GO: Yeah, they went by the ton. So after we cut the sugar beets, they pile up and we got to throw it in the wagon or the truck, and then you take it to the place where they received the sugar beet, maybe weight it there. We get paid by the tonnage, whatever percentage. So we didn't make nothing.

RM: Do you know how much you got a ton?

GO: No.

RM: And then was it just the pay was divided up among the five of you?

GO: Yeah.

RM: So you also, I'm guessing, went out on potato furlough since you donated an amazing potato belt to Manzanar.

GO: Yeah, that's right. After Idaho, Blackfoot, went back, and then we see potato, then we went out to potato farm. That one we made money. And that belt is you put it on here and you hook the bag and you drag it and you push it in as you go. And then the hook in the back, I put the extra sack after you, put fifty pound in, you put it up, then get the other sack and hook it up and do the same thing.
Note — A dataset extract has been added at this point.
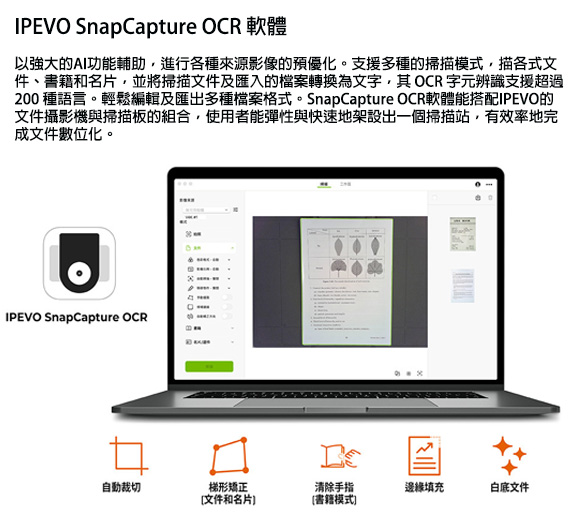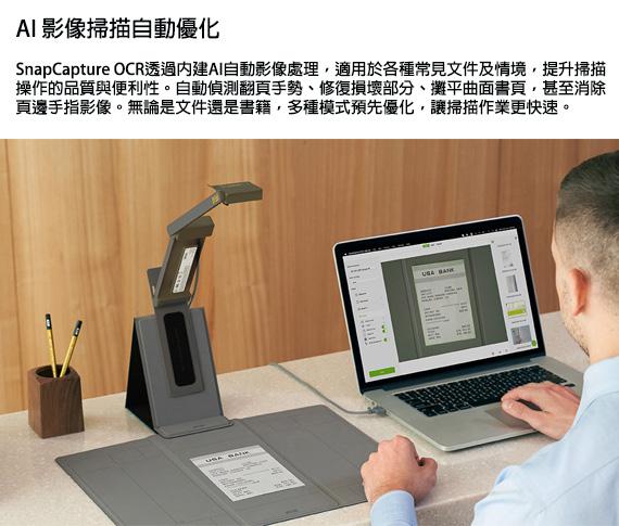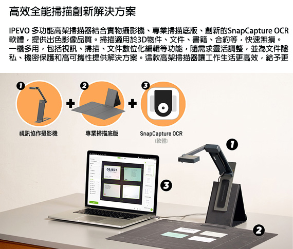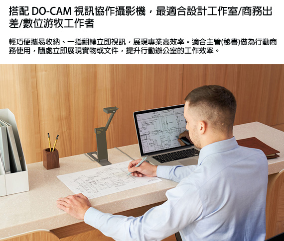 DO-CAM實物攝影機+專業掃描底版+SnapCapture OCR軟體授權包。輕巧便攜易收納、一指翻轉立即視訊。適合:設計工作室/商務出差/數位游牧工作者/展現專業與高效率的工作者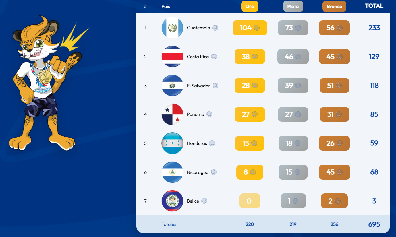 Nicaragua nuestro inmediato perseguidor en la tabla de medallas, nos sobrepasó en el total de medallas pero Honduras conserva su quinta plaza tras solo recortar en una de oro los nicaragüenses.

RM: So you could potentially be dragging more than a hundred pounds around.

GO: No, it's fifty pounds. They only wanted about fifty pounds in a bag, so we drag about fifty pounds in that first thing. So I made money on that.

RM: So where was the potato farm?

GO: It's in Idaho.

RM: Was it near Blackfoot also?

GO: Pocatello.

RM: Pocatello, okay. And what was the difference between that one and the sugar beet furlough when you didn't make any money?

GO: Well, the sugar beet was... I don't know, the town was bigger so it was better. We've got more time to do things. And then we had partners, two guys, and he was a farmer, so we did good.